Her former firm Next has stated her relationship with Epstein was unknown to company leadership, yet records show another company co-founder emailed and spoke to Epstein’s accountant about business matters and that Epstein joined a call with an accountant working for Next.
Next told CNN that other cofounder never met or communicated with Epstein and wasn’t aware that that accountant worked for Epstein.
DOJ leaders have sought to move on from the Epstein case, but authorities in other jurisdictions where Epstein interacted with the modeling world are continuing to investigate. A spokesperson for the prosecutor’s office in Paris said a probe remains ongoing.
Ebba Karlsson, a former model, told CNN she filed a complaint with Paris police in February that accused Siad of rape and human trafficking. She said she later spoke to authorities there in person. She said now she is waiting “for the justice system in France to do its job,” adding, “we have been waiting too long.”
Asked about Karlsson’s accusations, Siad said he does not remember her. “I have never abused any model in my life,” he said.

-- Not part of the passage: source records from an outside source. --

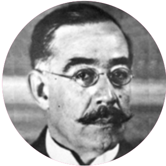
Leopoldo Lugones 1874 – 1938

Poeta exponente del modernismo argentino. Se destacó por ser precursor del verso libre en la literatura hispánica además de la literatura fantástica y la ciencia ficción en su país.
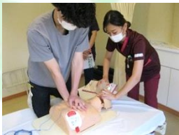
人工呼吸器の研修 BLS・AED 研修
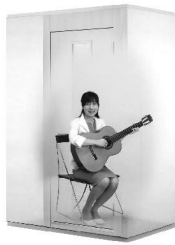
1.2畳サイズ、遮音性能:Dr-30 LVSX13-13 本体標準価格(税込) ¥638,000 (税抜) ¥580,000
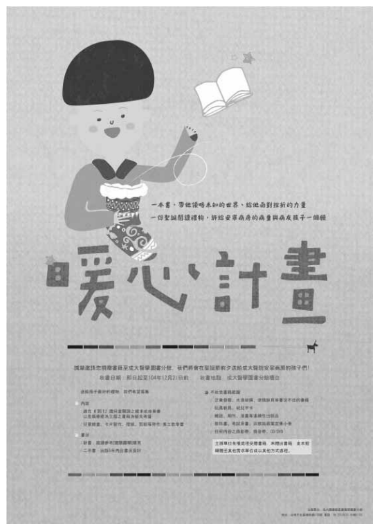
圖九 暖心計畫海報
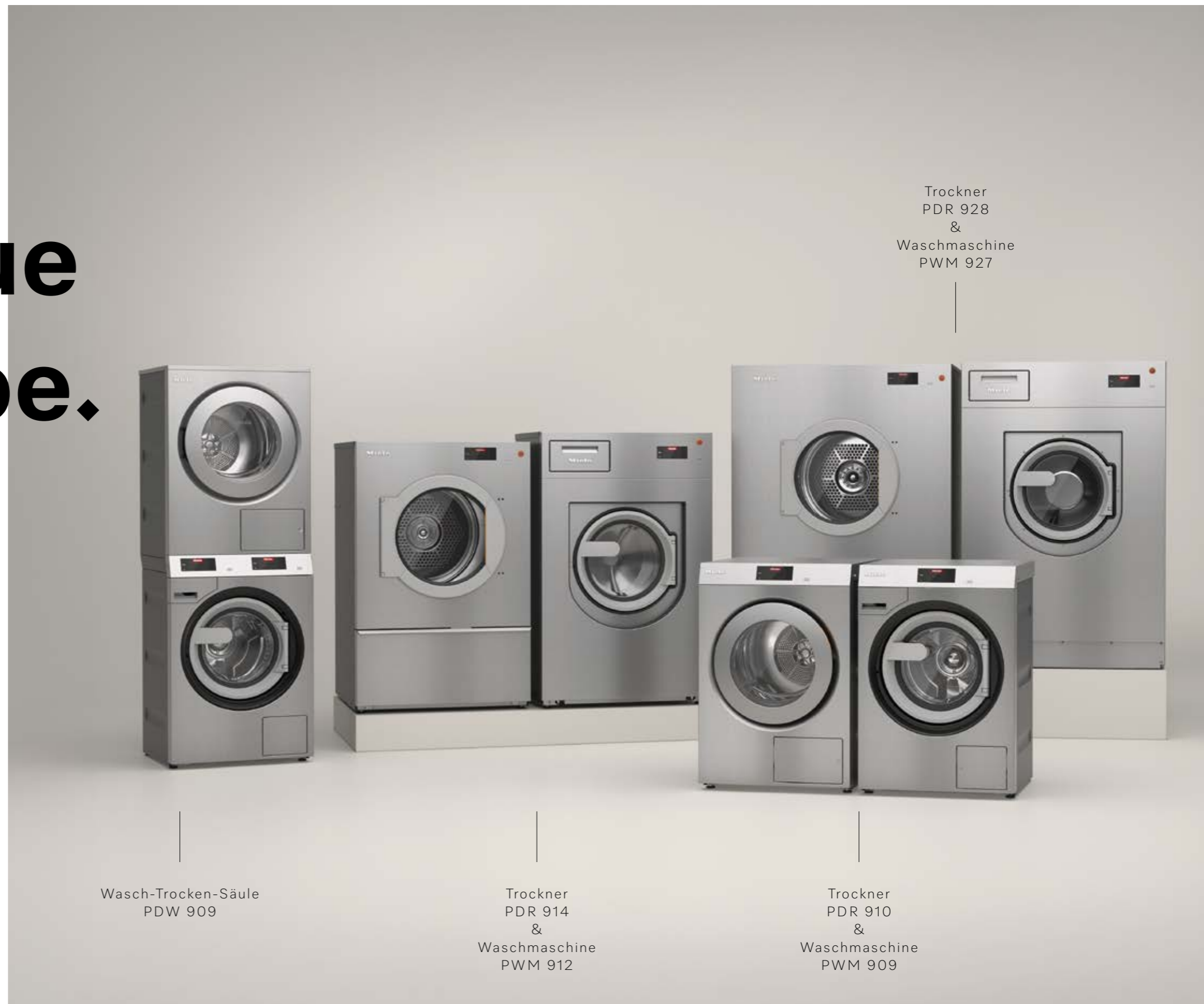
Wasch-Trocken-Säule PDW 909

Marketing Managers please update to local URL
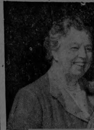
Sra. de Roosevelt

La señora Eleanor Roosevelt, viuda del famoso Presidente norteamericano que tan importante papel desempeñó en la creación de las Naciones Unidas, es quien preside la Comisión Social de la O.N.U. Hace pocos días resumió el significado de esta importante labor para el mundo entero, diciendo:
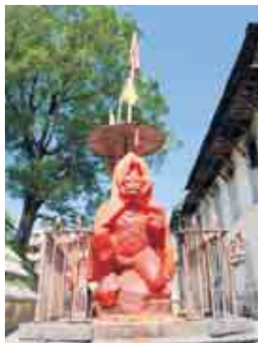
De hindoeïsche god Hanuman.
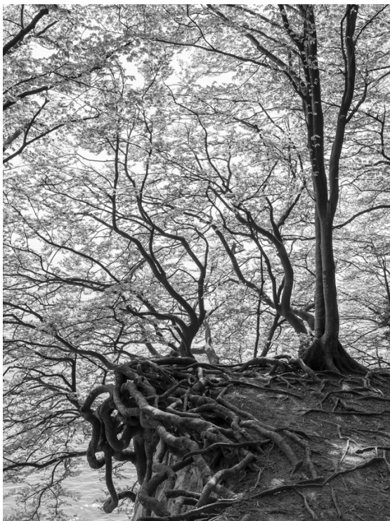
Graubaum 68, 2023
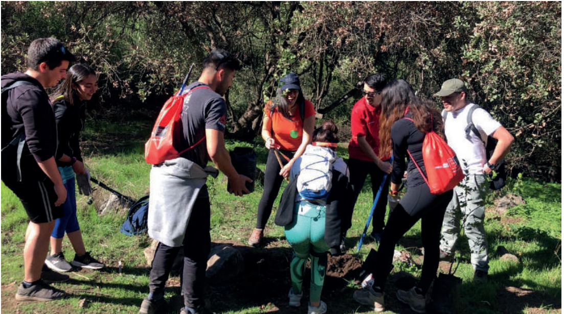
ACTIVIDAD DE SOSTENIBILIDAD Y RESPONSABILIDAD SOCIAL

5 Desarrollar gradual y progresivamente la investigación, producción académica y transferencia de conocimientos, según compromisos institucionales relativos a la sostenibilidad.
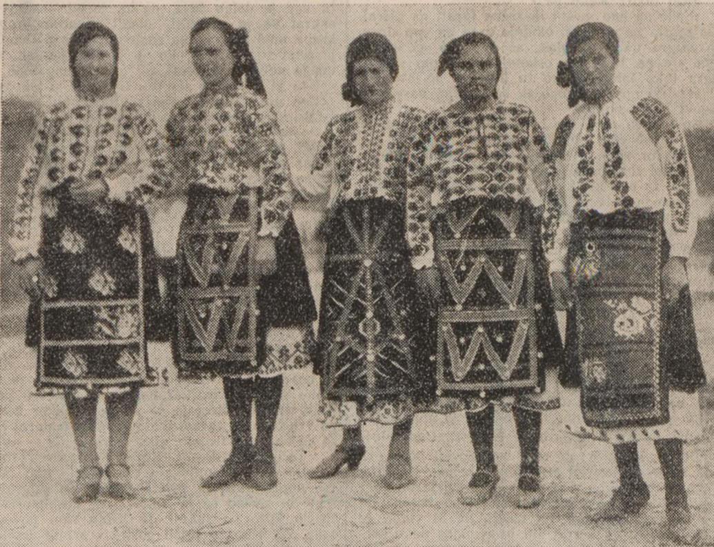
Dekliška narodna noša iz okolice Plevne
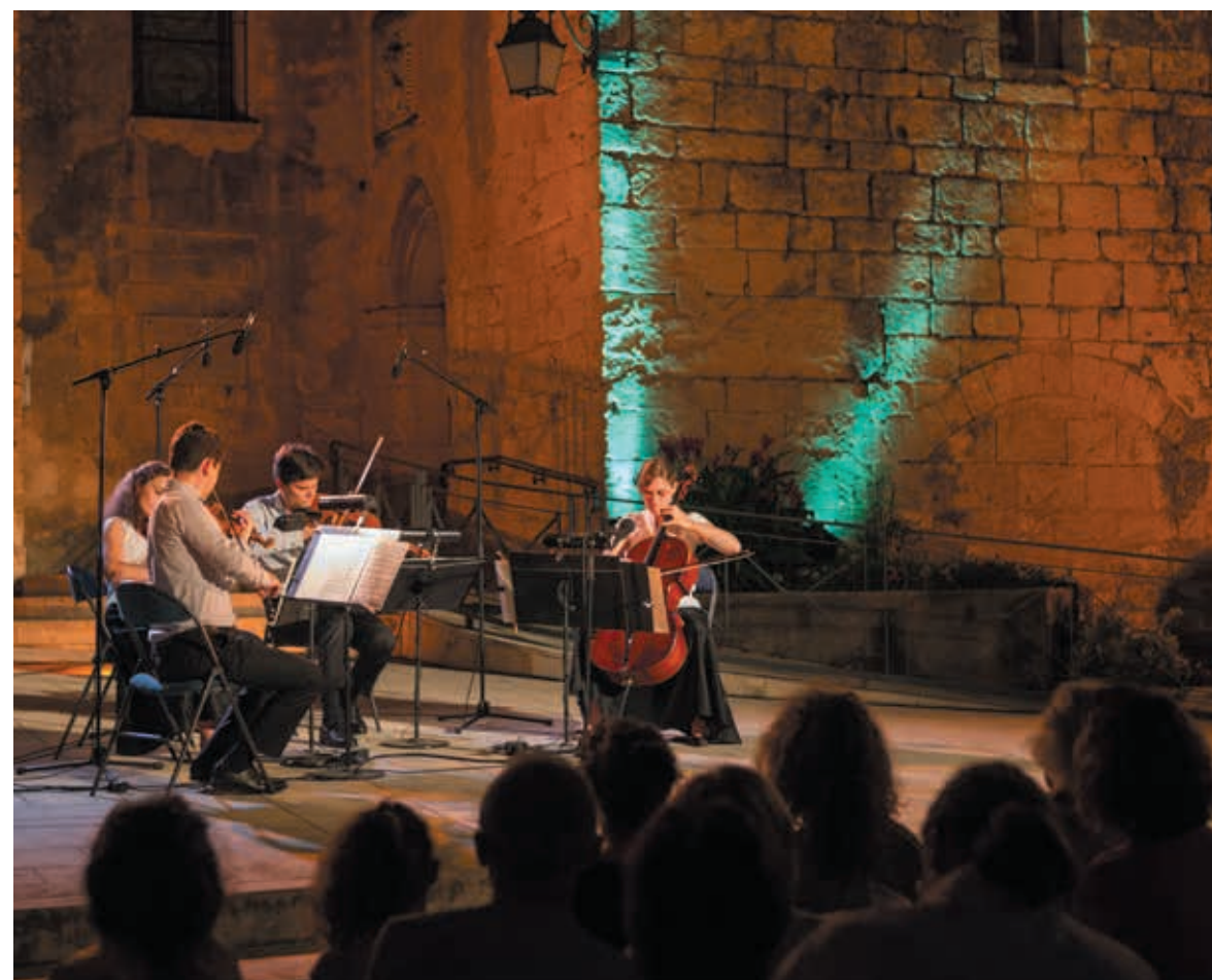
10 000 spectateurs ont assisté l'an dernier aux concerts dans les communes de l'agglomération comme ici, en l'église de Saint Geniès des Mourgues.

Dans toute la région, au cœur du festival, la musique classique proposée pendant quatorze jours fait vibrer les mélomanes et séduit les
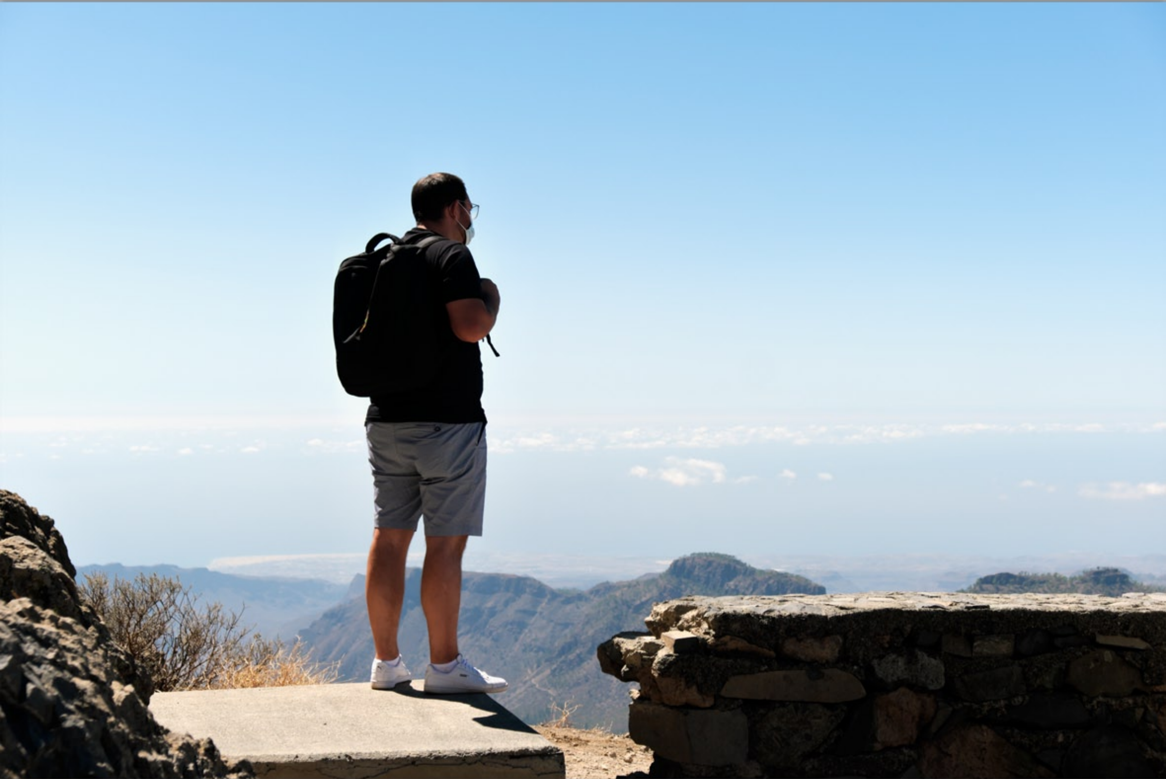
PICO DE LAS NIEVES (Vulkan-Berge)
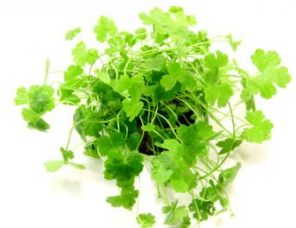
10451211 1 x Hydrocotyle tripartita 'Mini' In Vitro (30440)
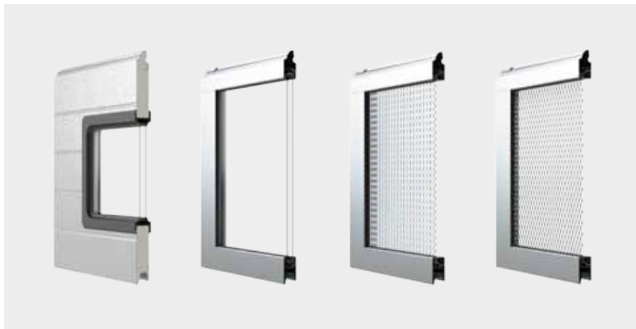
SEKCJE SPECJALNE (od lewej): IS/IA z oknami, IP z podwójną szybą, IP z blachą perforowaną, IP z siatką aluminiową

Interesującym rozwiązaniem są panele bram stalowych z oknami lub przeszklone sekcje aluminiowe. Wypełnione pojedynczą lub podwójną szybą z trwałego i odpornego na zarysowania tworzywa sztucznego są ciekawym elementem architektonicznym. Bramy przeszklone mogą pełnić funkcję okien wystawowych lub dyskretnie wydzielać przestrzeń w pomieszczeniu, jeśli wypełni się je matowym, dymionym lub mlecznym szkłem.
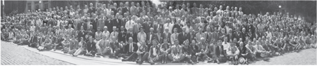
Figure 2. In 1929, the Ninth International Congress of Psychology at Yale University

By its fifth anniversary in 1934, Psi Chi had 612 individual members in 27 chapters. By its tenth anniversary in 1939 at Stanford, it chartered 34 chapters, then 69 chapters by 1949 in Denver.
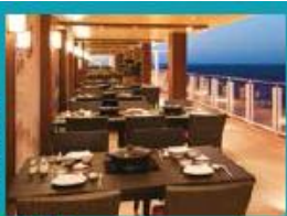
Hot Pot Outdoor hot pot with scenic ocean views.
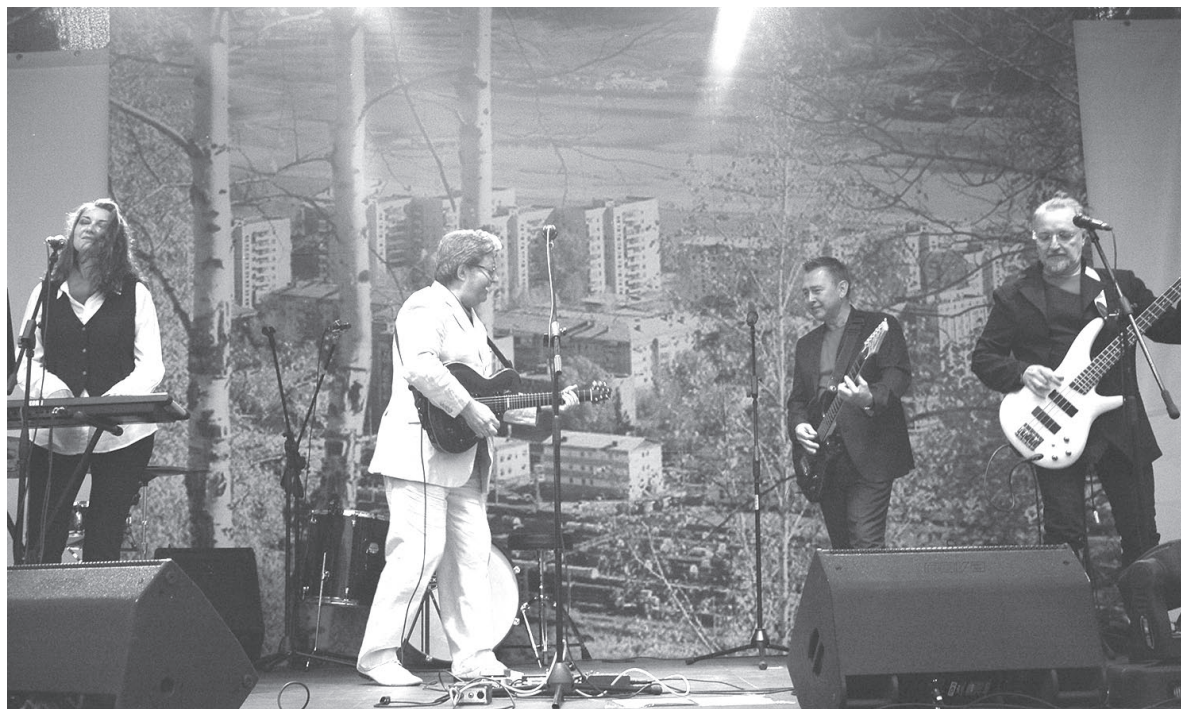
Гости города исполняют «пламенные» песни.

— Спасибо. Я искренне люблю Усть-Кут: люди здесь необыкновенные и отзывчивые. Буду рад побывать здесь снова.
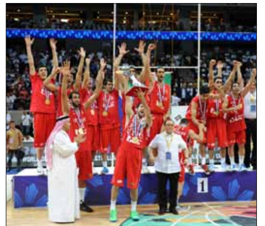
لاعبو منتخب إيران مع كأس آسيا

توج المنتخب الإيراني بطلاً لآسيا على وقع احتفالات جمهوره وحسرة الجمهور اللبناني، الذي تابع البطولة السلوية، التي كشفت مستوياتها قدرة لبنان على التأهل الى كأس العالم وحتى احراز اللقب القاري
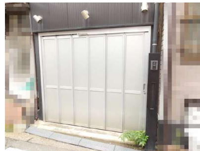
【現況外観写真】1Fバイクガレージ
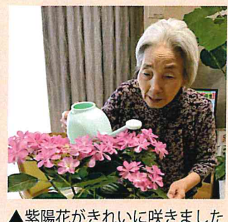
▲紫陽花がきれいに咲きました
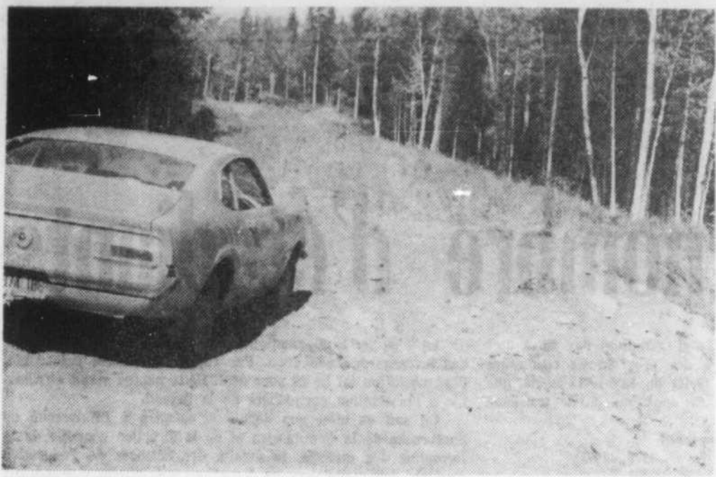
LA FIN DU VOYAGE — C'est ici que s'achève la partie carrossable du chemin de ceinture du lac Mégantic. Commencé en 1963, ce chemin a reçu des améliorations successives jusqu'en 1969 mais, depuis deux ans, rien n'a été fait et une section d'environ un mille qui restait à compléter est dans le même état qu'il y a huit ans. Toutefois, la Voirie provinciale aurait l'intention de terminer l'an prochain le travail commencé.
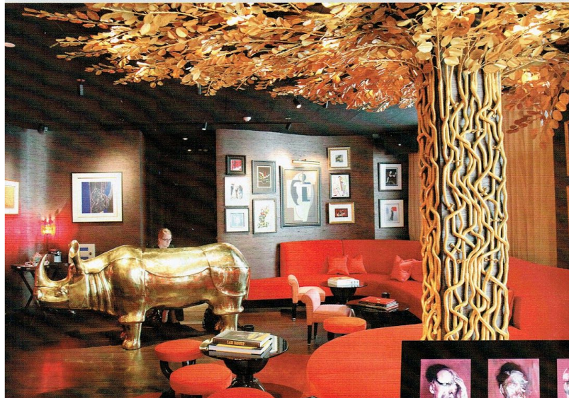
該酒店，就曾經到 Jacques Garcia 設計的金邊奧多牛，兩地地地住了 18 個月，其時，酒店還在 2010 年獲獎。
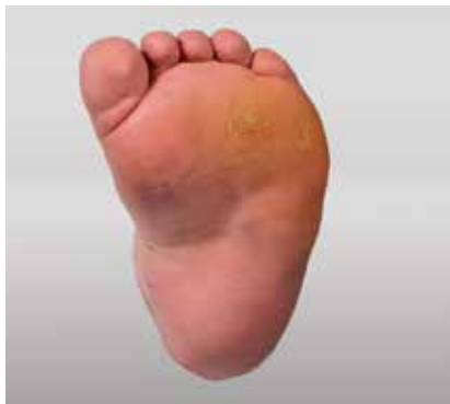
Abb. 2: Kongenitaler Klumpfuß Sohlenansicht

Juliette, a former French model who requested her last name not be shared for privacy concerns, told CNN she has also spoken to authorities in Paris about her experience. She said she met Siad in France in 2004 who then referred her to Epstein in New York. She alleges that Epstein then groped her during a meeting in which he told her to get in shape so he could introduce her to modeling agencies. In the meantime, he offered her escorting opportunities.

In hindsight, Juliette said the modeling industry should have clearly recognized Epstein as a predator and stopped him, but she said he was far from the only abuser in that world.
“Epstein was just one of the dangers I used to face,” she said.
CNN’s Elina Baudier Kim contributed to this report.